Каменный человек выходил статным и ладным. Не знаю, сама до того додумалась или резец вело небесным промыслом, однако вой выходил удивительно похожим на Сивого. Учесть то, что каменотесом я была аховым. Первый раз взяла резец и молот в руки. Но каменные Безродовы глаза под насупленными бровями выходили такими же пронзительными и холодными, как настоящие. И эти неровно стриженные лохмы… Я опомнилась уже после того, как несколькими резкими чертами изобразила торчащие из-под шлема вихры. В том бою, один против пятнадцати Сивый сражался без шлема и без доспехов, но я изображала вовсе не тот бой и даже не Безрода, но сама не могла понять, отчего каменный человек с каждым днем становится все больше похож на Сивого. Как будто руки лучше меня знали, на кого должен быть похож каменный вой, и как это лучше сделать.
Разохотилась резать до того, что, закусив язык, ровно девчонка, выводила каждую клепку на доспехе.
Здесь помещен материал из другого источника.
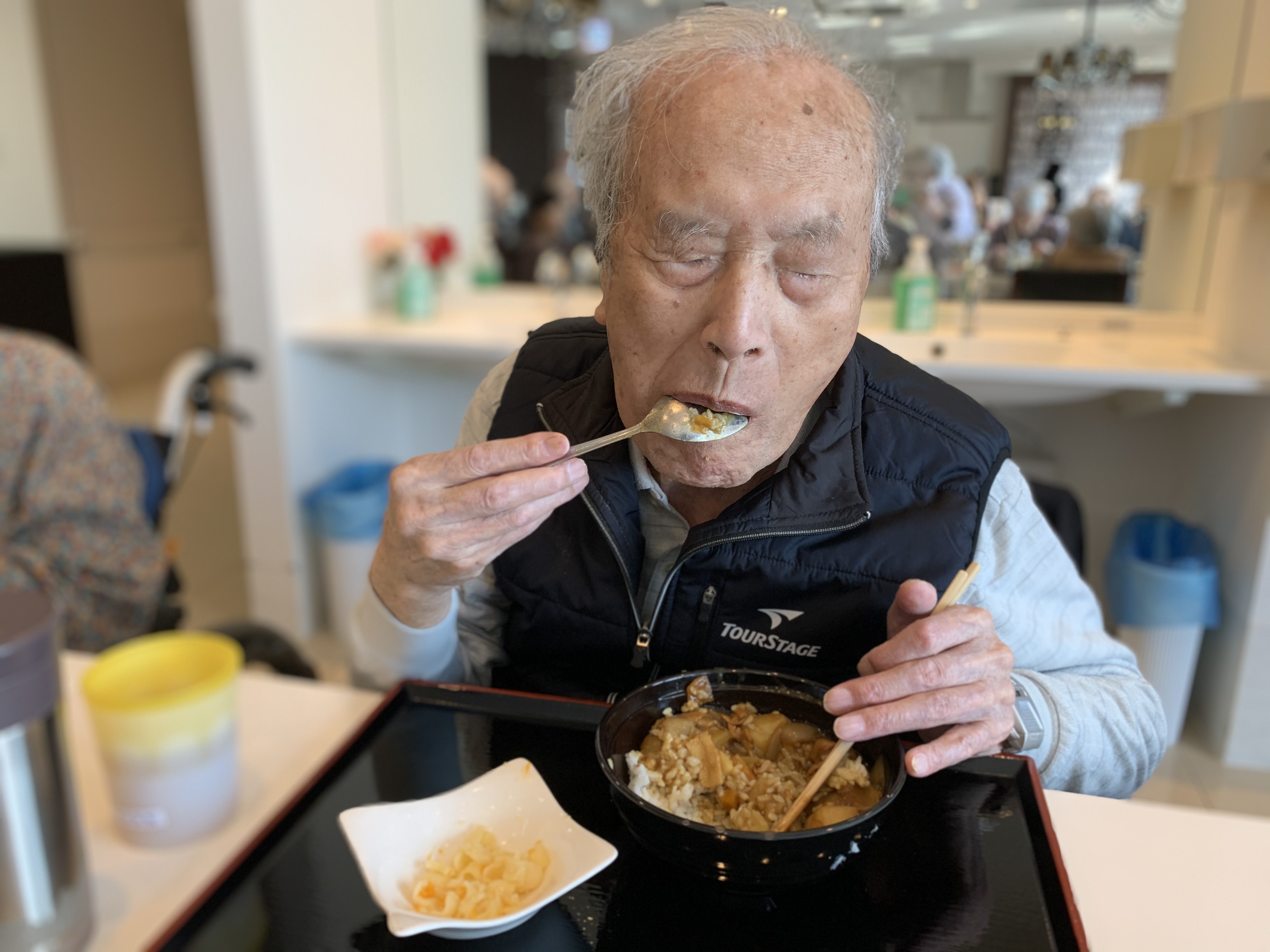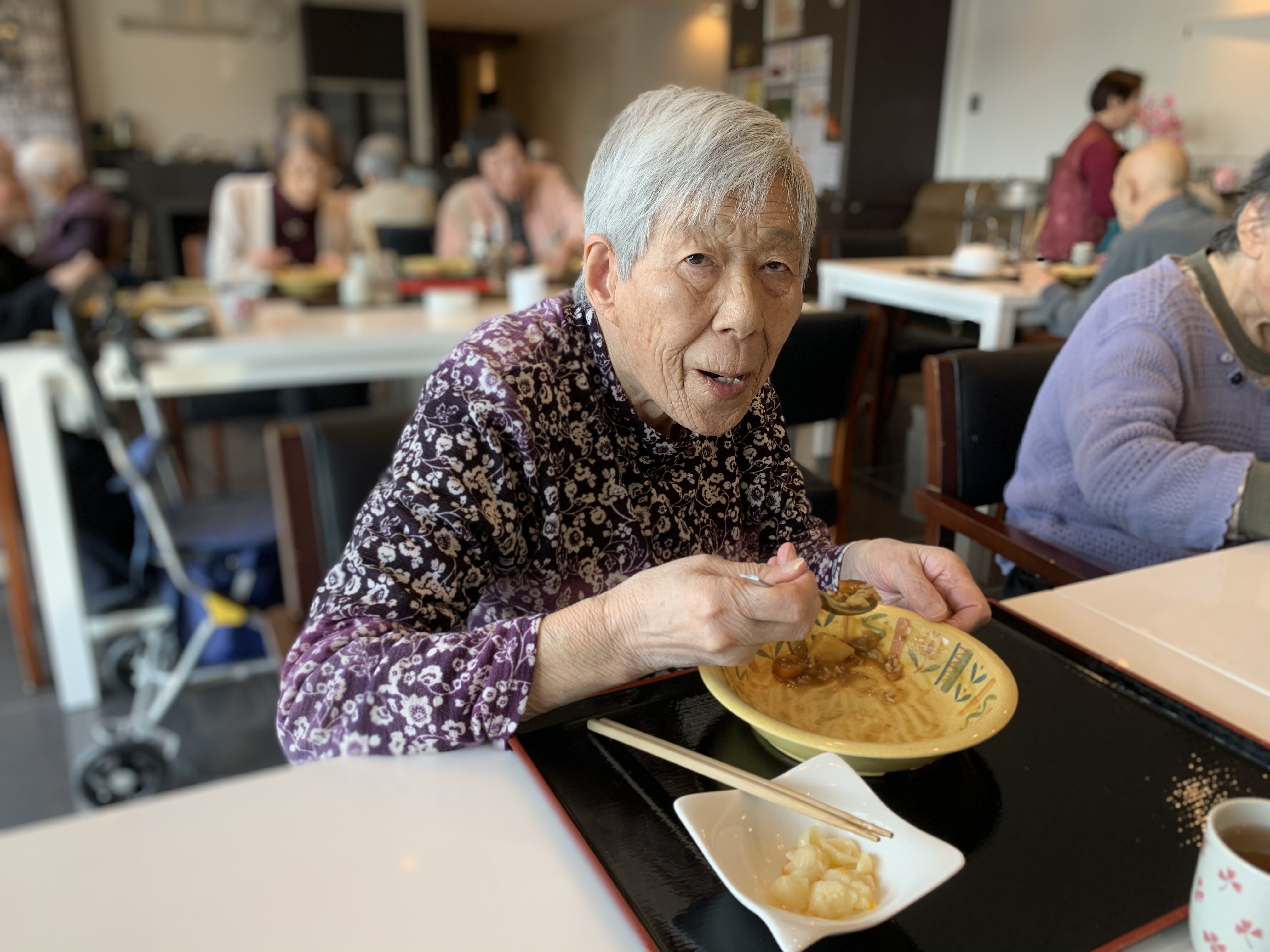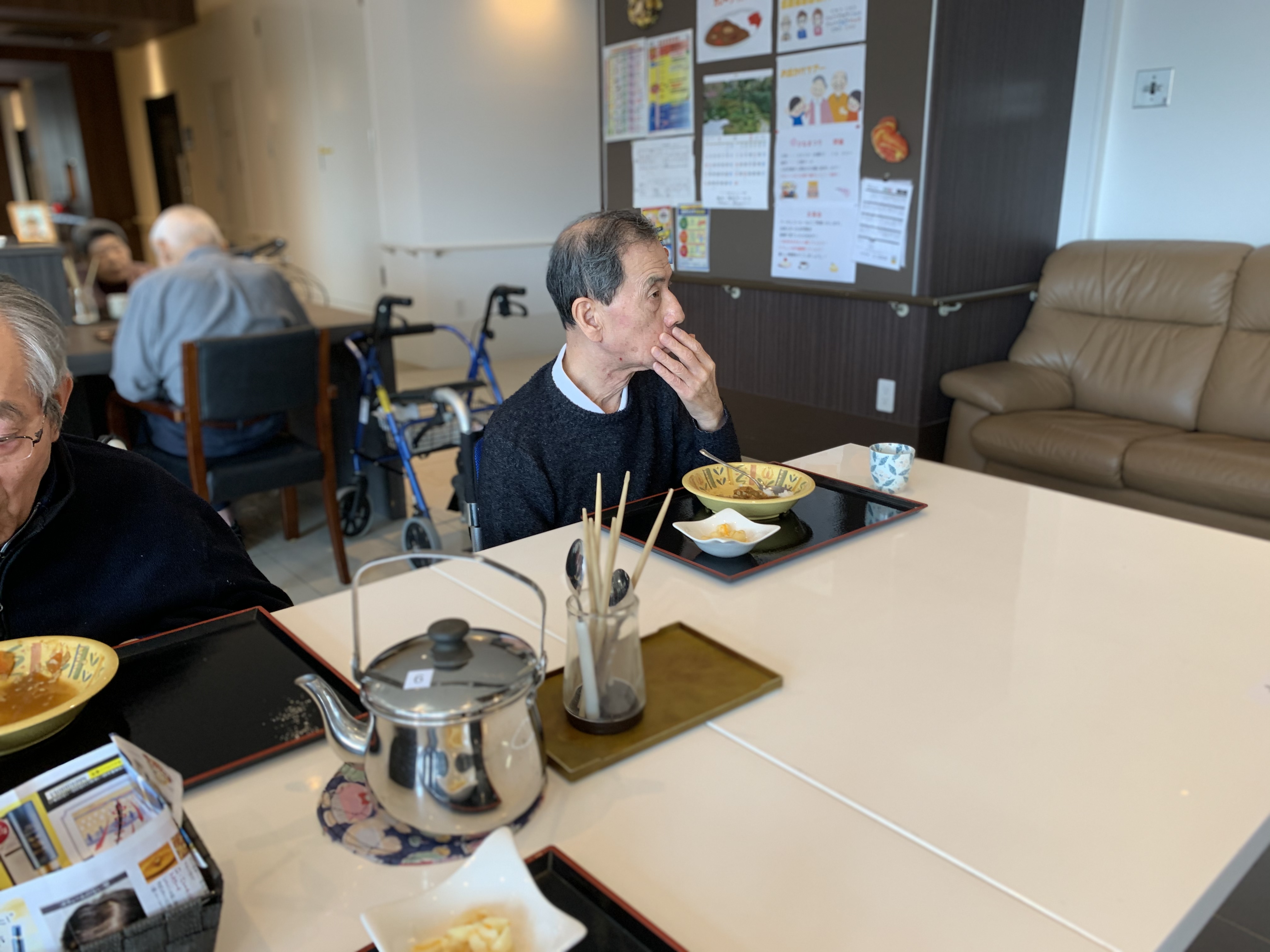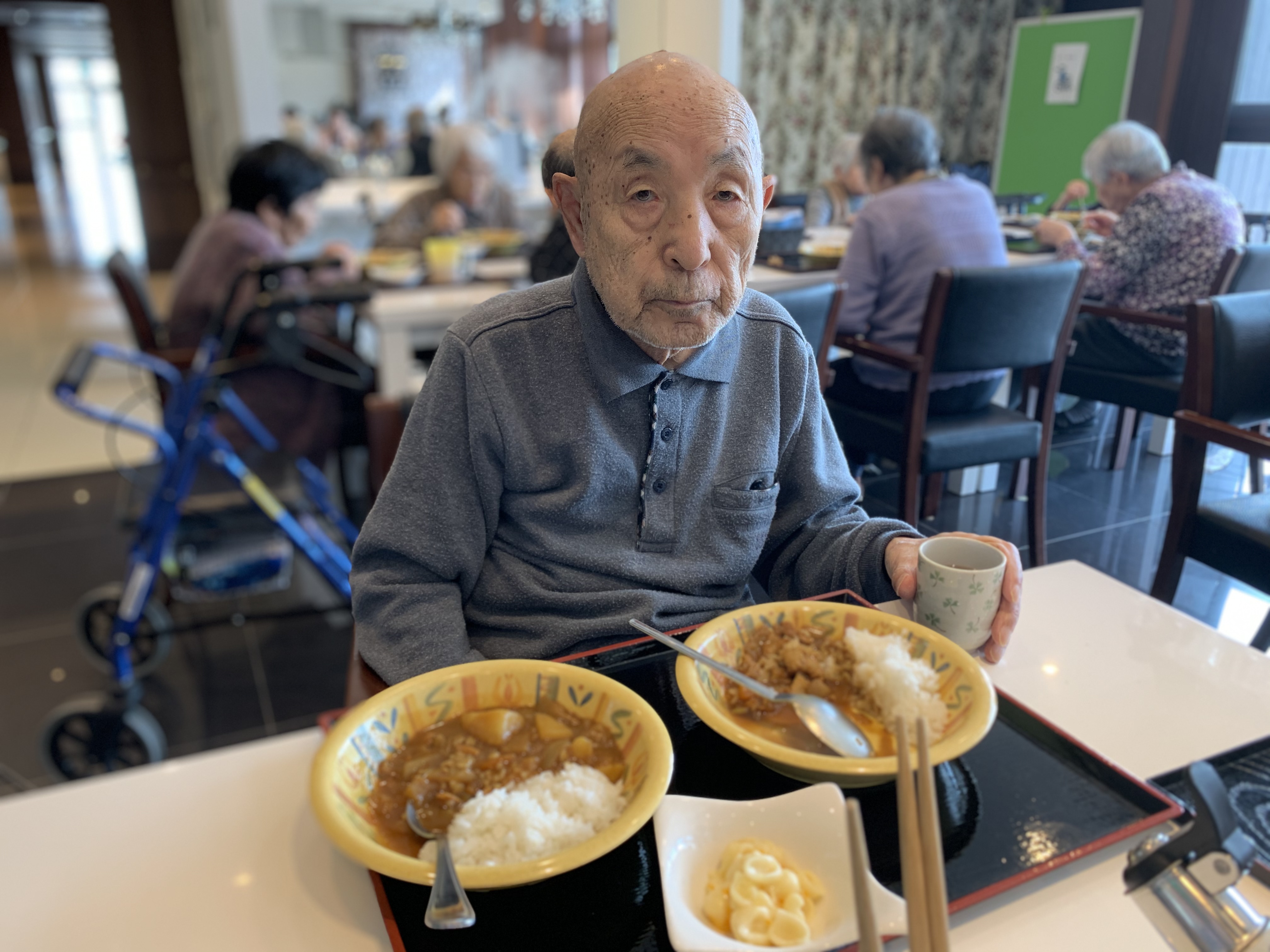 今日は手作りカレーの日です。利用者さまがお野菜を切っていただき、職員が煮込んだカレーを召し上がっていただきました。お味はお写真に写った表情が物語っております。

Приходил Тычок. Сразу узнал, кто это неровно стриженный насупился и широко расставил ноги, опершись на меч. Постоял, почесал затылок и, наконец, буркнул:
— По-своему сделала… Ладно уж, пусть будет так. Парень тоже неплохо сражается. Я не возражаю.
Вы только посмотрите на старого наглеца! "Парень тоже неплохо сражается!" Я не удержалась и рухнула с рук долой, так смех разобрал.
— Чего разлеглась? — напустился на меня Тычок. — Работы еще невпроворот, она смешинку поймала и валяется! Кому говорят, за дело принимайся! Рубаху под доспехом сделай красной!
— Это камень! — выдавила через смех. — Он только одного цвета.
— Охрой выкрась, бестолочь! — старик постучал меня по лбу пальцем.
— Сойдет под дождями. Недолго продержится.
Насупился, отошел и поддал ногой шишку. Потом не выдержал и пристроился с другого боку.
— Ты меч сделай пошире. У Безродушки меч ведь не узкий.
— Шел бы ты на поляну, — старик начал надоедать, а я уже чувствовала себя опытным каменотесом, которому советы несведущих зевак просто смешно слушать. — Без тебя разберусь.
— Ты смотри тут у меня. Завтра приду, проверю! — старый егоз погрозил пальцем и был таков.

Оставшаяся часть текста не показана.